The Greek Vocabulary of Importance as Reflected in Aristotle

The Latin translators of Aristotle translated both ἀξίωμα and ἀξία by dignitas. Dignity, accordingly, has drawn upon the meanings expressed in both of these terms: it is a non-demonstrable startingpoint or principle, and it is desert or merit, that is, what gives rights, the proper attitude towards which is respect. The source of both duty and rights, dignity is associated with moral weight or importance, and in Rome dignitas also meant office, that is, both duty and status, which gave both tasks and entitlements. This spectrum of meaning is the reason why we talk about dignity, and in particular human dignity, as a basic value and a principle.

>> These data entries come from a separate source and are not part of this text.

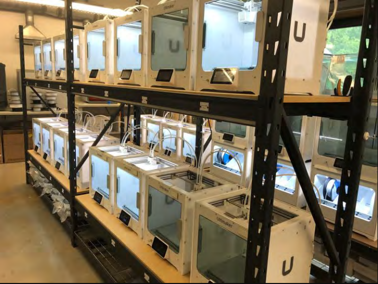
Digital Fabrication Lab, CACM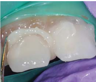
Fig. 8: Excess cement removed from margins prior to final cure.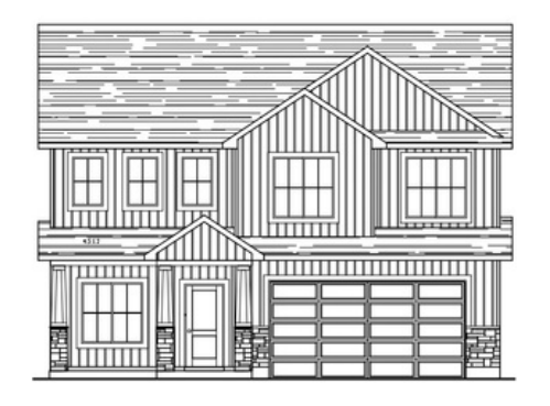
CRAFTSMAN B ELEVATION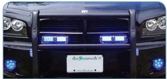
Predator 2™ Dual lights in Blue LEDs mounted to the push bumper of a Dodge Charger Police vehicle.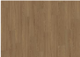
SHERWOOD DRY BACK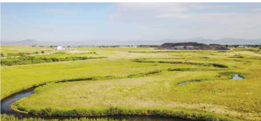
On an adjacent property Prickly Pear Land Trust (PPLT) has worked hard over the past few years on an exciting greenspace reclamation project.

you to thoughtfully consider an investment in Helena Area Habitat for Humanity and the working families of our community; of those we currently serve, and of those to come.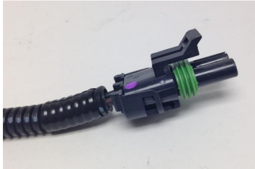
Figure 1 - Washer Pump Connection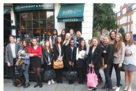
Sixth Form Psychology Trip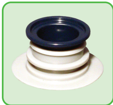
IC-1007 1" Aseptic, SL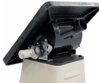
Table Tilted 45 Degrees - Rear View Close Up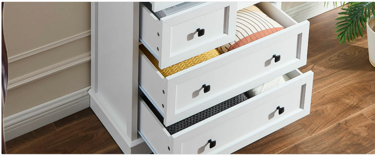
Image 5.2: A close-up view of the bottom drawers, demonstrating their depth and suitability for various folded garments.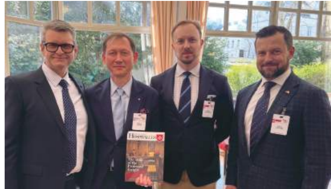
Opposite and Left: Travelling to different countries is educational in itself, to be able to learn about the culture, history and heritage of the land and how the Order plays a significant part in everywhere that we go.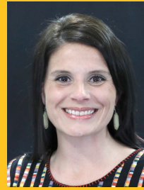
TARA FOUNTAIN GENTRY JUNIOR SCHOOL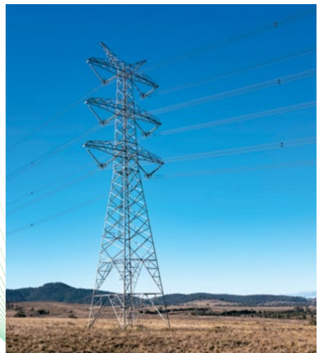
Figure 1 – Example of a 500 kV transmission tower.

Each cross arm of the tower will support three bundles of conductors (also known as cables or wires). The design of the towers will vary depending on the terrain but will typically range from 50–76 metres (maximum) in height. Distance (or span) between the towers will be approximately 300 to 600 metres, dependent on topography and ground conditions.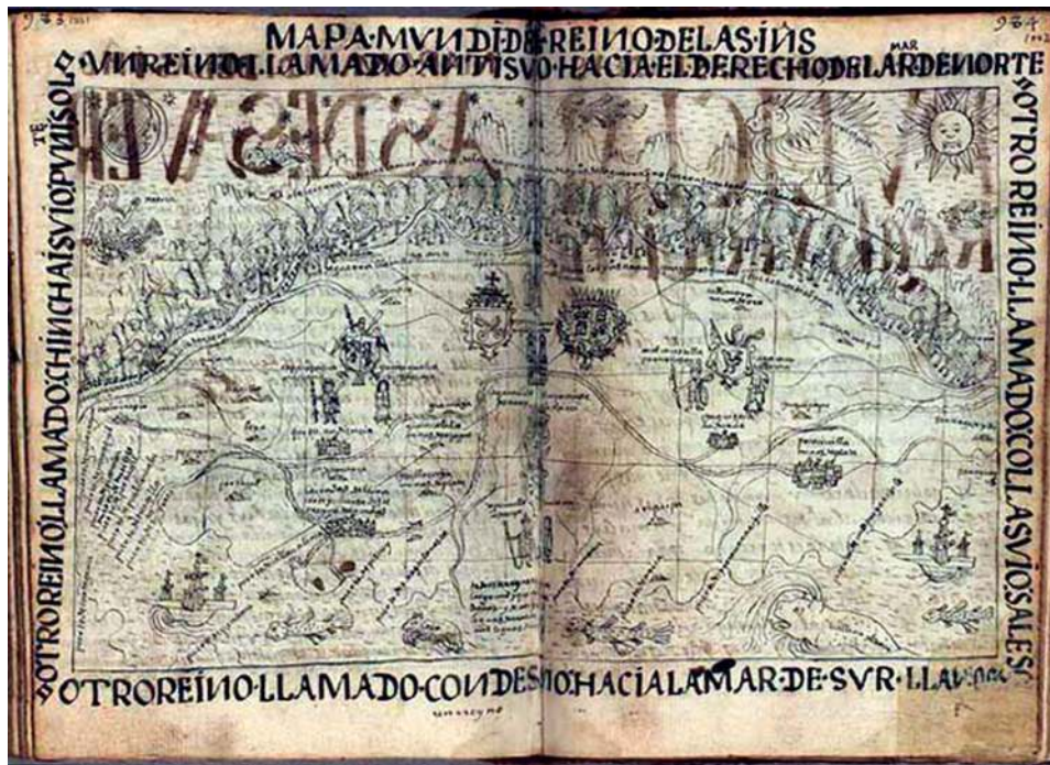
Figure 4. In sixteenth-century Peru, Felipe Guaman Poma de Ayala resisted the Spanish colonial power structure by depicting four world navels in his 'Mapa mundi de[l] reino de las In[d]ias' ('World Map of the Kingdom of the Indies') (Royal Danish Library, GKS 2232 4º: Guaman Poma, El primer nueva corónica y buen gobierno , 1615/1616)

written in a blend of Quechua and Spanish. The chronicle makes deep and pained observations regarding sixteenth-century colonial Peru from the perspective of 'indigenous Andean resistance and consciousness' (Adorno, 2011: 77). 2 The volume includes a prophetic cosmological vision of the past and future of 'las Indias' and the globe, which explicitly includes four world navels (Wachtel, 1973; Adorno, 2000). Guaman Poma's chronicle, re-rooting multiple world navels, remains the longest and most important indigenous critique of European imperialism in written form. 3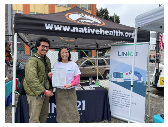
Link21 outreach staff posing with an attendee at the Native American Health Center's Indigenous Red Market in Oakland, March 2023.

During the first quarter of 2023, the Team presented and engaged virtually with two youth advocacy groups: the UC Berkeley Parking, Transportation Mobility and Equity Committee, and the Oakland Youth Commission. These presentations included a Link21 Program overview followed by a question-and-answer session where attendees were able to learn about the Program, and provide feedback on how Link21 can better serve and involve future generations throughout the Megaregion.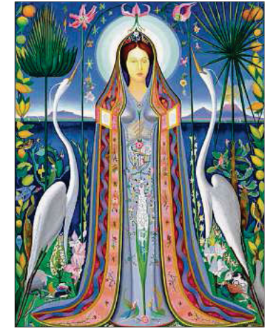
"Purissima" (1927) by Joseph Stella.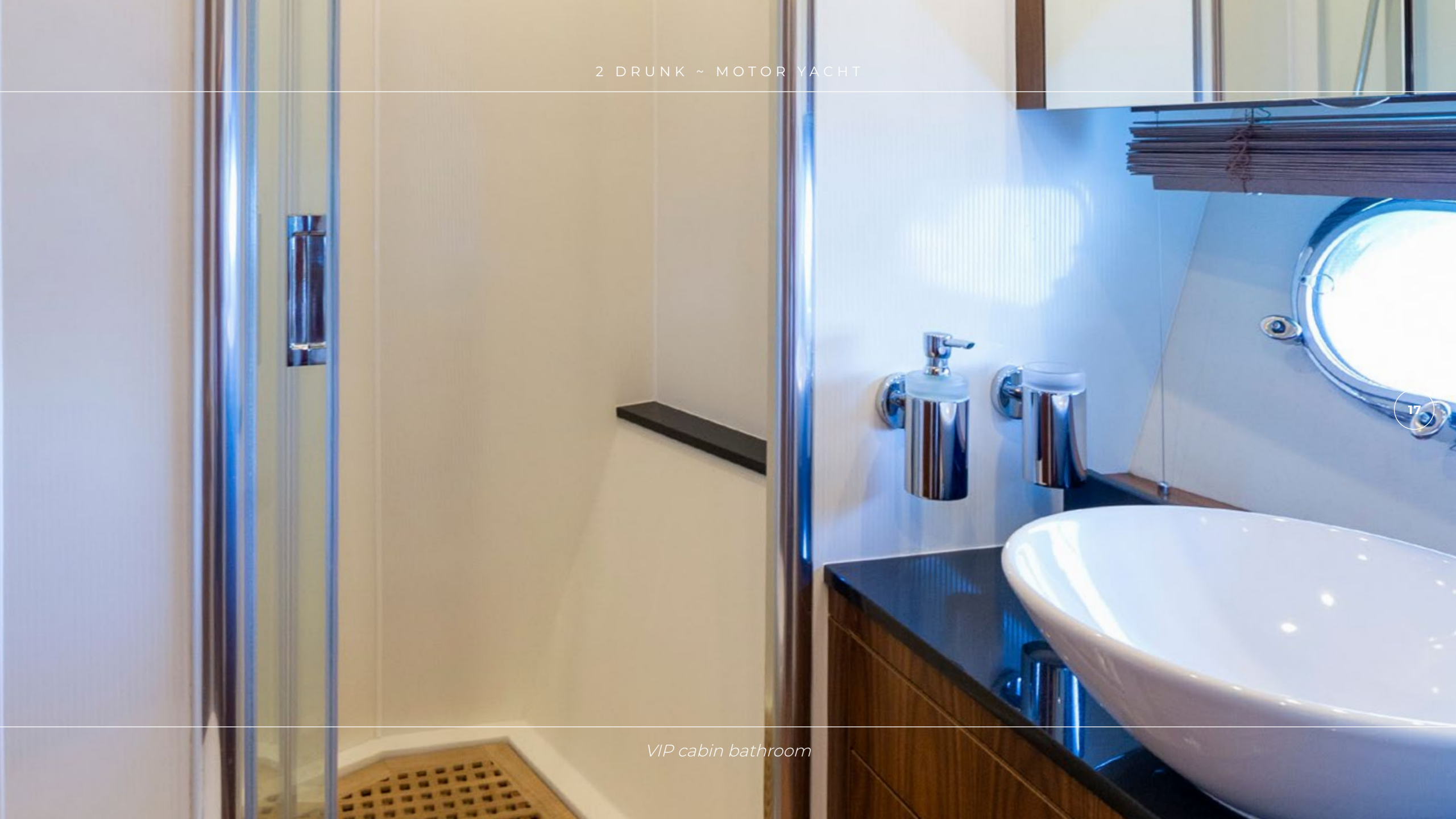
VIP cabin bathroom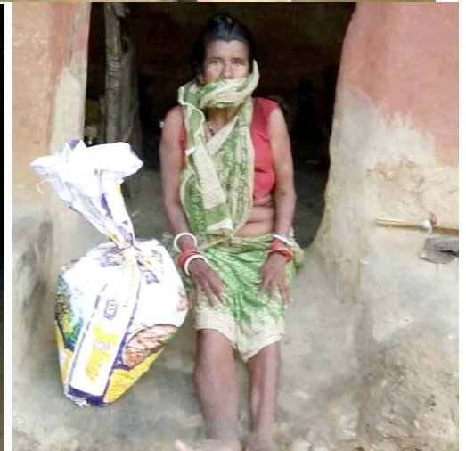
Continued kit distribution in remote areas of Jharkhand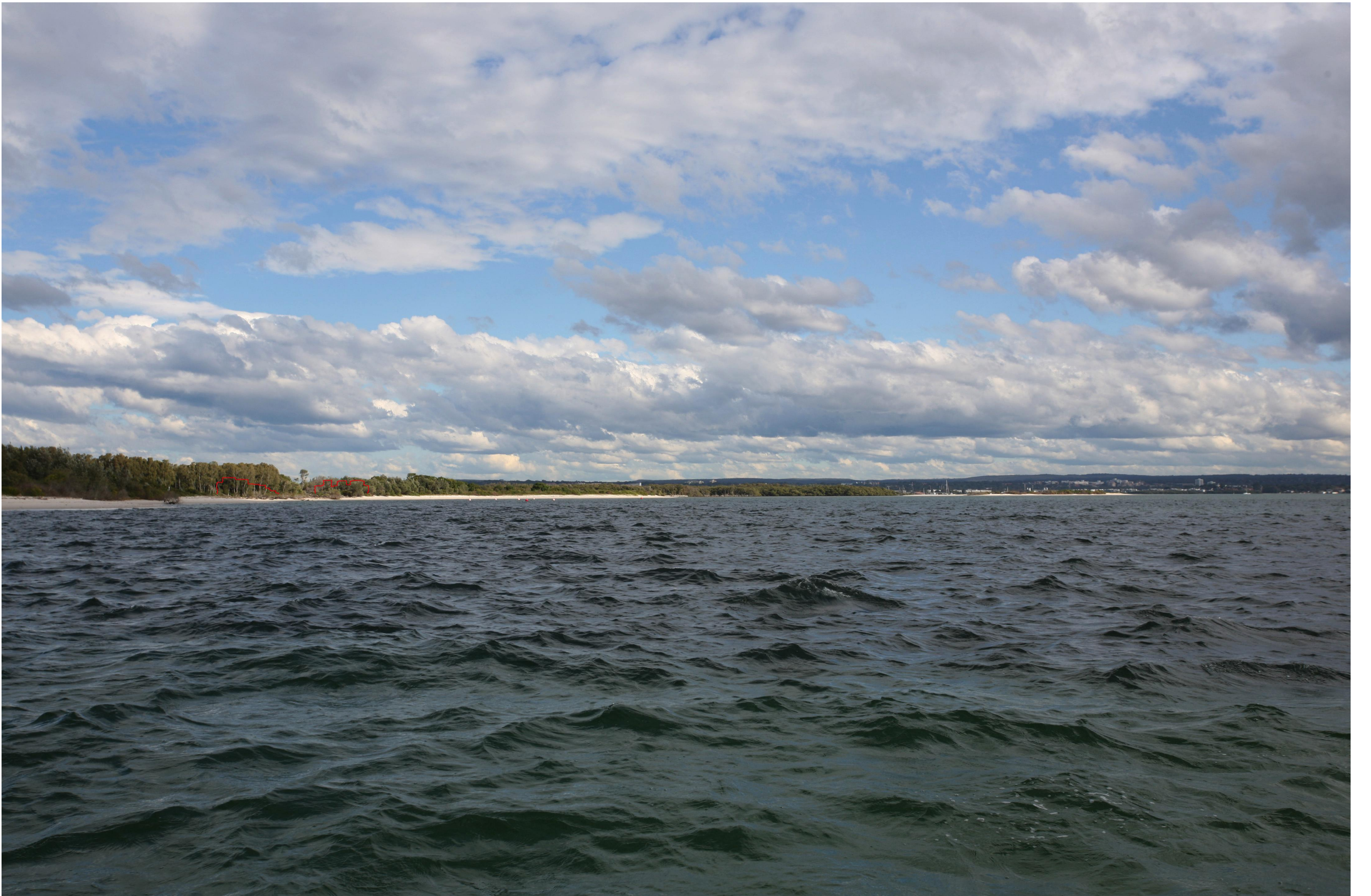
VIEW LOOKING SOUTH, CLOSE TO BEACH AT TOWRA POINT RESERVE. STAGES 1 - 4 DEVELOPMENTS (OUTLINES IN RED) BEYOND.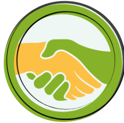
Agreeing on needs and plans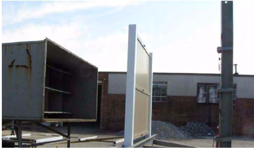
Photo No. 1 Dynamic Wind Test Setup - Cameron Fence Panel

For Aristotle, as for any Greek, the value possessed by human individuals was variable according to standards socially constructed by any society, even if an ideal of ἰσονομία seemed to most a necessary requirement for the proper functioning of society. The Greeks were aware that in an oligarchy riches would count, in democracy status as a free man, high birth or virtue in an aristocracy, and sheer power under a tyrannical rule. Aristotle, for one, being a foreigner in Athens, was sensitive to the relativity of respect for human status as well as to the fundamental importance rationality bestows on the human being as such. He regarded rationality, and in particular intuition (νοῦς), in which first principles are grasped, as what sets human beings apart....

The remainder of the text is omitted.